-- Exercise objective --
For this listing, reproduce the line with "产品特点:频率范围宽;优良的", the line with "e591 Google Pixel", and the lines between, exactly as they stand. Leave out pictures and all other lines.

-- Data section --

[Start of section]

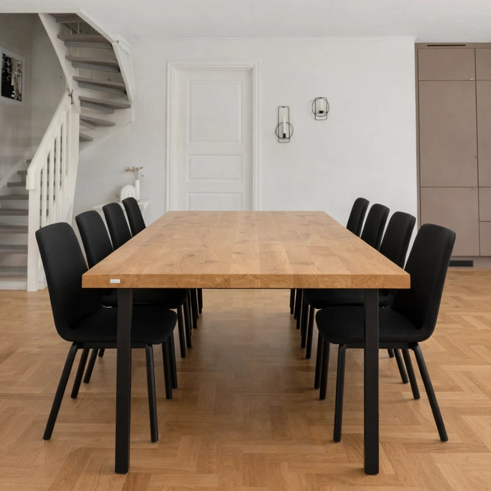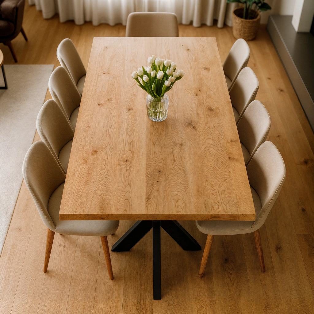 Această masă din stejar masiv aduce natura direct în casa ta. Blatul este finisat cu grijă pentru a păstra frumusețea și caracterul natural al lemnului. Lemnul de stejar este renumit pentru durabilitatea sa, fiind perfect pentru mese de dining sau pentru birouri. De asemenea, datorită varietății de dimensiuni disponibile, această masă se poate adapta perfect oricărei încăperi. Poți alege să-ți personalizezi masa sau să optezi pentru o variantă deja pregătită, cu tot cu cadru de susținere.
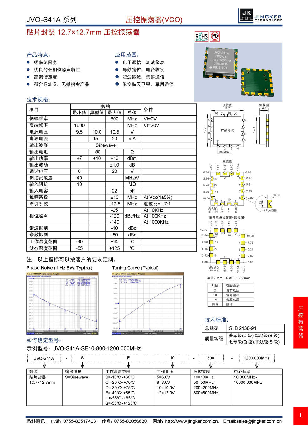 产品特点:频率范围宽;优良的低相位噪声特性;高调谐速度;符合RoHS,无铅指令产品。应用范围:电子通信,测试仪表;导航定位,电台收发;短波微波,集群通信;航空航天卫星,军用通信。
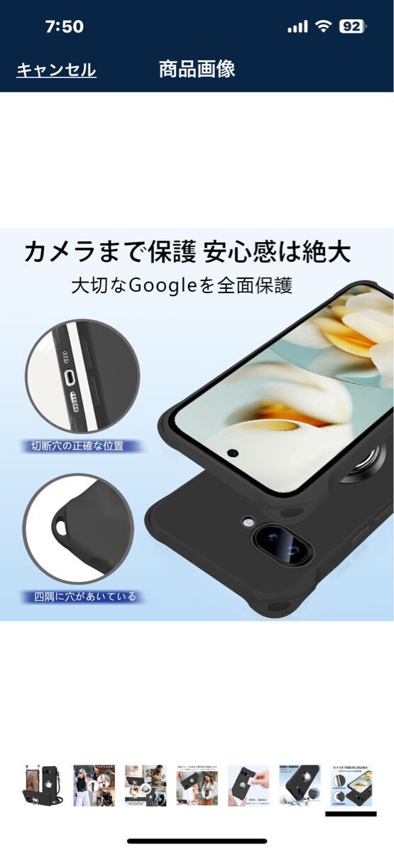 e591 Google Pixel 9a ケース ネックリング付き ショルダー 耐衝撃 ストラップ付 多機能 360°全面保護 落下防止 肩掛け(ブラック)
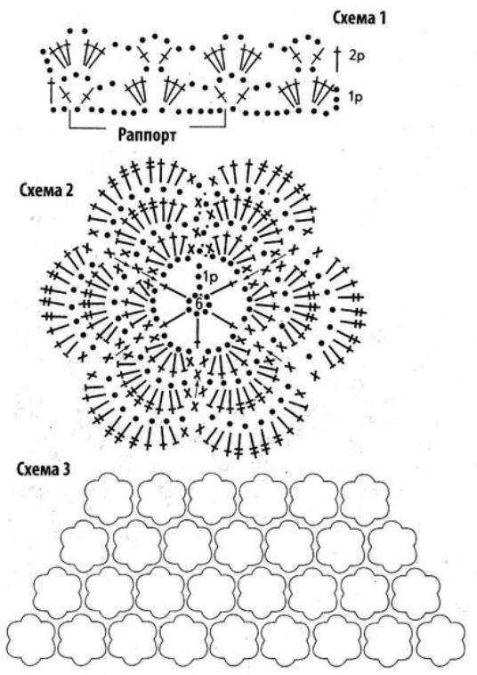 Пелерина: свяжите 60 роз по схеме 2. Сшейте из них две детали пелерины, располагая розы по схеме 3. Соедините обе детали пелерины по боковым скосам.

[End of section]

-- Your solution --
 产品特点:频率范围宽;优良的低相位噪声特性;高调谐速度;符合RoHS,无铅指令产品。应用范围:电子通信,测试仪表;导航定位,电台收发;短波微波,集群通信;航空航天卫星,军用通信。
 e591 Google Pixel 9a ケース ネックリング付き ショルダー 耐衝撃 ストラップ付 多機能 360°全面保護 落下防止 肩掛け(ブラック)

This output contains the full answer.